[Opening Material for this exercise section]
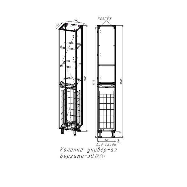 Шкаф-пенал Style Line El Fante Бергамо Люкс антискрейтч Plus, 30 см, напольный, с корзиной, черный, петли справа/слеваОсновные характеристики:Шкаф-пенал с корзиной
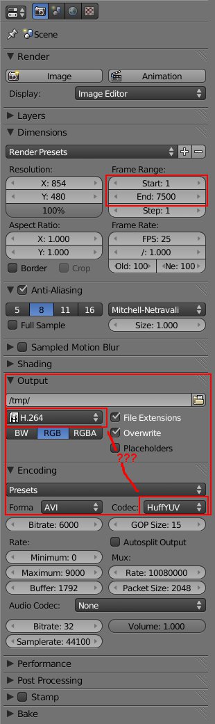 The Output/Encoding boxes are quite confusing - I don't think options like GOP size and Bitrate serve any purpose for codecs like HuffYUV. Also, the 'Encoding' options aren't even visible unless H.264, MPEG, OGG Theora or Xvid is selected in the 'Output' settings - and then there's an inconsistency if another codec like HuffYUV is selected (see screenshot). Also ISTR the resolution I've got set (854x480) might cause problems with huffyuv (not mod16?) ...but I digress.
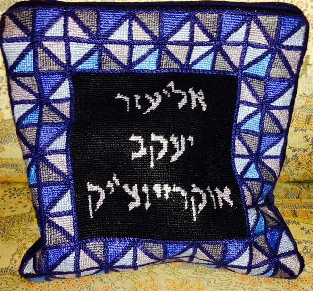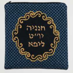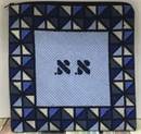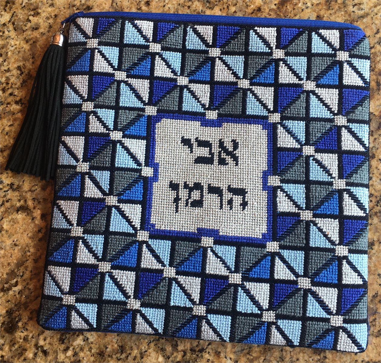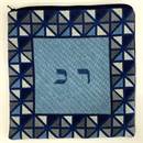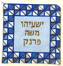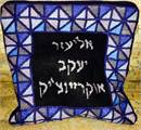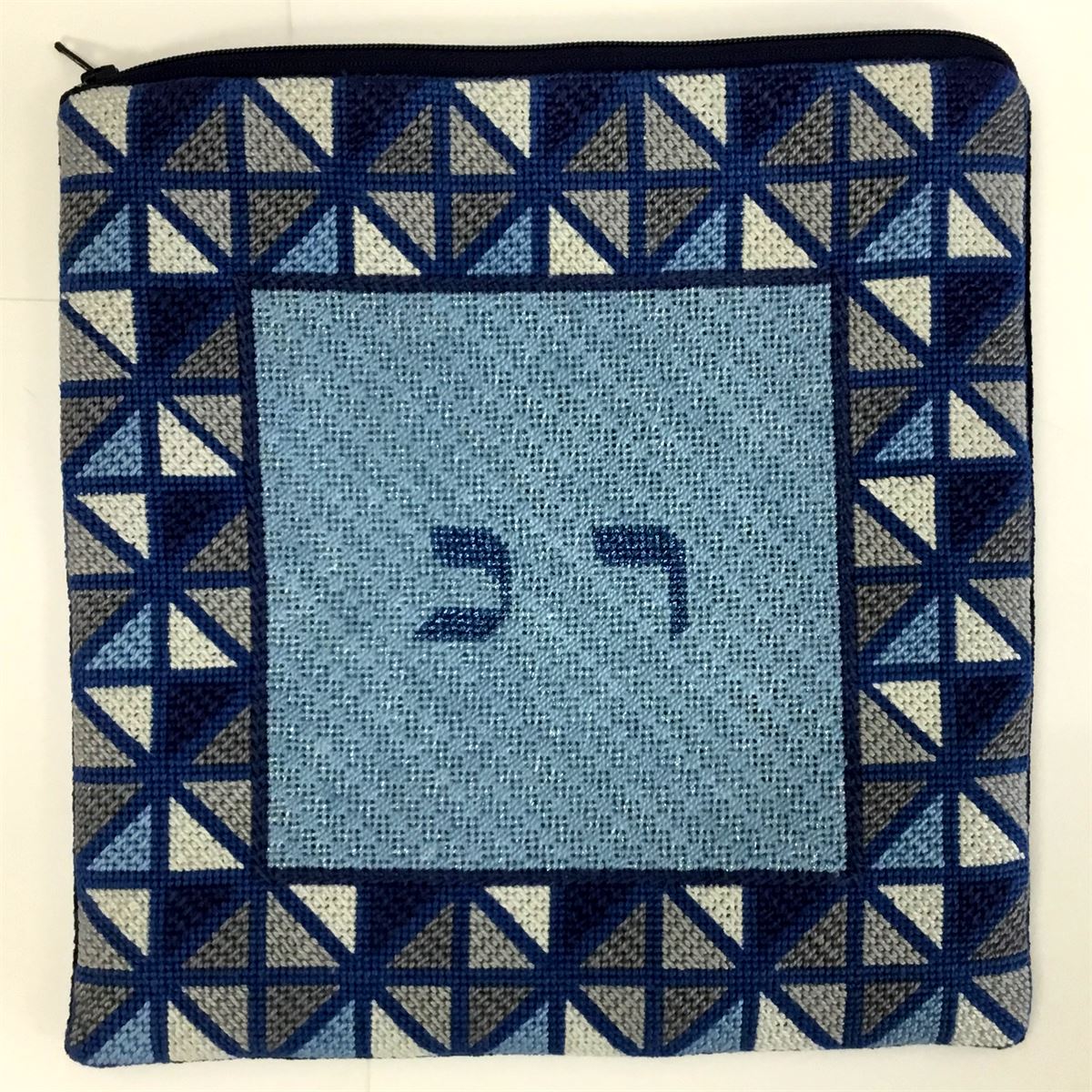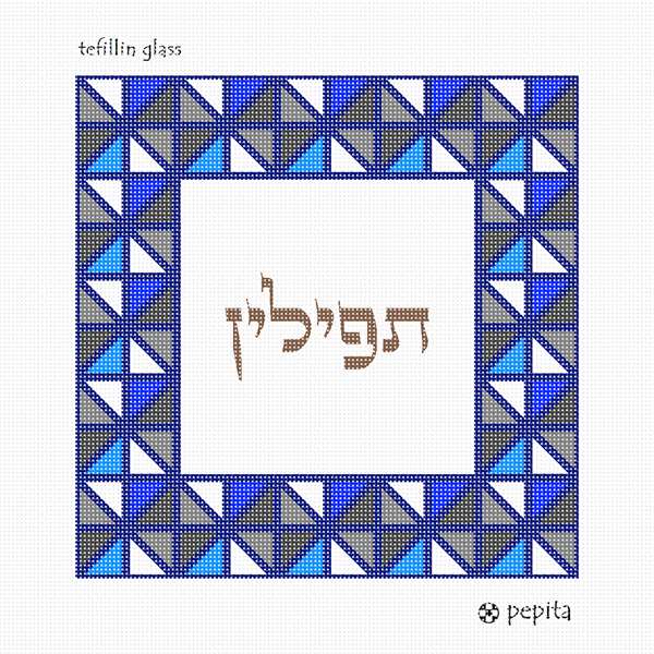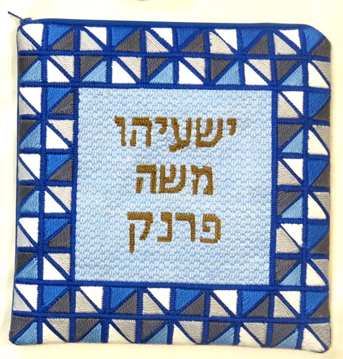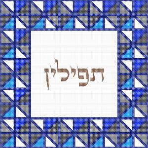 This unusual tefillin bag is designed as though it is framed by stained glass. Reflecting triangles in blue and gray.
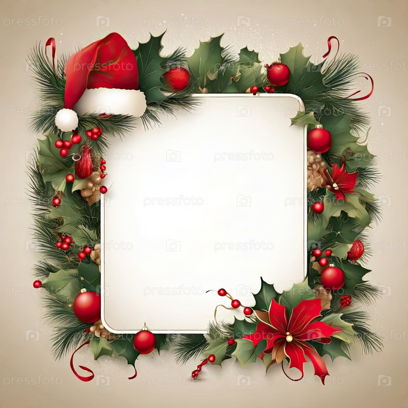 Приглашение на Рождественскую и новогоднюю вечеринку с рамкой рождественского декора с местом для текста
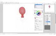 ベースの色ができあがったところで、次は顔を中心に影を描いて立体感を出していきます。あいかわらずデータ保存時の、パソコンの基本操作はたどたどしい上田。それでも、openCanvasの使い勝手の良さと上田の飲み込みの早さには驚かされます。
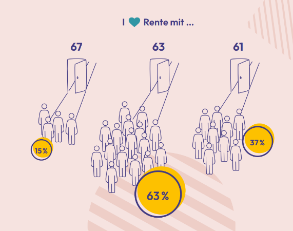 Interessanterweise zeigt sich auch bei den jüngeren Erwerbstätigen eine Skepsis gegenüber einem langen Arbeitsleben. Nur knapp 15% der Befragten unter 30 Jahren können sich vorstellen, bis zum gesetzlichen Renteneintrittsalter von 67 Jahren zu arbeiten. Diese Zahlen deuten darauf hin, dass die Vorstellung eines längeren Arbeitslebens nicht allgemein populär ist und viele Menschen eher einen frühen Ruhestand anstreben.
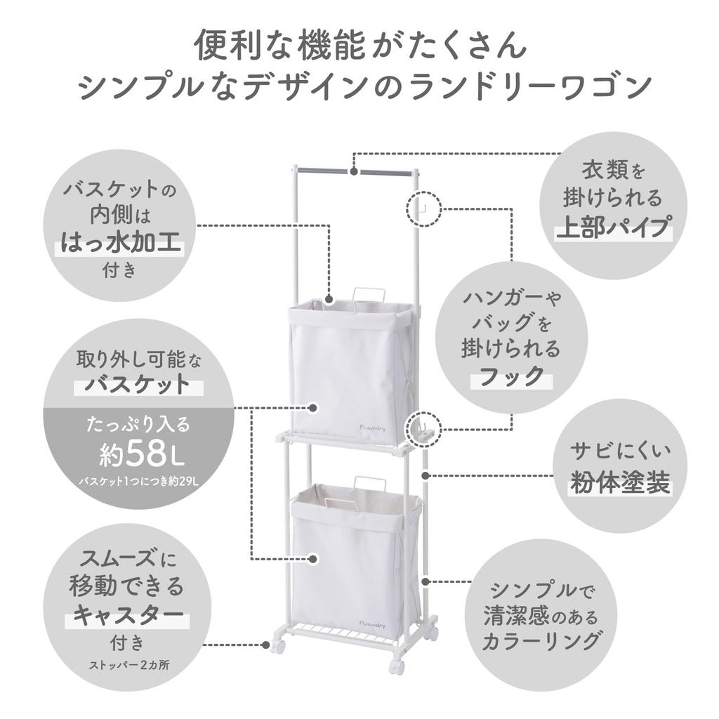 Daiya FLaundry 058162 Бельевая корзина для белья с большой складной корзиной для белья Идеально подходит для переодевания Бельевая тележка, 2-ярусная, на колесиках, узкая, Ш x Д x В,
[Closing Material for this exercise section]
_Task to carry out_:
Take the line with "Interessanterweise zeigt sich" as the first line and the last line of the records above as the final one; reproduce exactly the lines between them, both included, without pictures.

_Exercise result_:
 Interessanterweise zeigt sich auch bei den jüngeren Erwerbstätigen eine Skepsis gegenüber einem langen Arbeitsleben. Nur knapp 15% der Befragten unter 30 Jahren können sich vorstellen, bis zum gesetzlichen Renteneintrittsalter von 67 Jahren zu arbeiten. Diese Zahlen deuten darauf hin, dass die Vorstellung eines längeren Arbeitslebens nicht allgemein populär ist und viele Menschen eher einen frühen Ruhestand anstreben.
 Daiya FLaundry 058162 Бельевая корзина для белья с большой складной корзиной для белья Идеально подходит для переодевания Бельевая тележка, 2-ярусная, на колесиках, узкая, Ш x Д x В,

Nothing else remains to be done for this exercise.